I have worked in public education long enough that it is not uncommon for me to encounter former students, some of whom are now married with careers and children. It is always surreal to meet these adults who, just a twinkling ago, were writing in their composition books about who they would become when they were all grown up. Likewise, they are incredulous to learn that I am now the mother of a daughter who is older than they were when they were my fifth grade students.

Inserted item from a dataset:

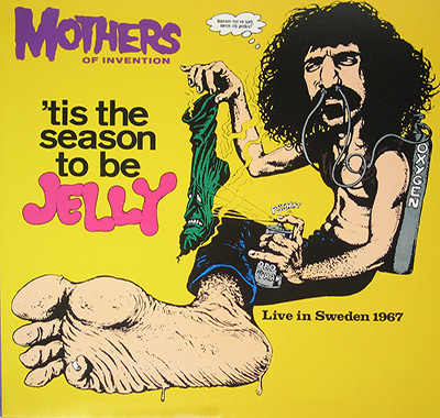 The hilarious album front cover of Frank Zappa's unofficial album "'Tis the season to be jelly" is an illustration of Frank Zappa wearing an Oxygen tank and showing off his green smelly sock.

Equally perturbed by this scenario and all its implications is my daughter. It amuses me – my former students confronting the truth that there really was more to me than being their teacher and my daughter forced to face the reality that once upon a time I was not her mother, and other people’s children took up most of my time (and they also thought I was cool with great taste in clothes, music, and hair).
And, before that, there was another time when I was as young as she, with my mother at the ironing board, telling me, “Daughter dear, the world is your oyster.” As a bored teenager, I probably didn't think she had a life before I came along or that she had once been a hopeful teenager, or somebody's best friend, or the one with the great sense of style. Of course she was all of these . . .
South Derry is so far away from where I sit in Arizona, the distance between us all the more poignant on Mothering Sunday. A phone call or a visit on Skype will help minimize the miles between Castledawson and Phoenix, me falling softly into the comforting colloquialisms of home. But it will not be the same as handing her a bunch of fresh flowers that she will immediately arrange in a crystal vase on the hall table.
My mother is wholly responsible for my appreciation and my expectation of flowers as an apology, a get-well wish, a thank-you, a birthday greeting, or a just-because (like the bunches of flowers my father used to pull from our garden and hastily wrap in newspaper as a present for my primary school teachers).
Even though she says not to waste money on a card, I know my mother loves to hear the tell-tale soft thud of an envelope falling through the letterbox. This year, it was a friend’s Facebook picture of a bouquet from her children that reminded me that I had forgotten Mother’s Day again. The inconvenient truth is that Mother’s Day cards won’t appear in stores for another month. Because the American Mother’s Day arrives on the second Sunday in May, after St. Patrick’s Day, Passover, Easter, Administrative Professional’s Day, Cinco De Mayo, and Nurse’s Day, if I want to buy a card for my mother, I must rely on my memory almost a year in advance.
I always thought I had a sharp memory. Until during a typical early morning Facebook exchange with my brother in Limerick, during which I shared a spectacular, cringe-worthy – and, let it be noted, extremely rare – example of my forgetfulness. It reminded me of Meryl Streep when she was so frazzled by not getting the Donegal accent quite right for her role in "Dancing at Lughnasa" that she forgot her lines. “I never forget my lines!” she tells a fawning James Lipton inside his Actor’s Studio. Like me, Meryl Streep has a phenomenal memory that she can always count on. At least she did, before menopause.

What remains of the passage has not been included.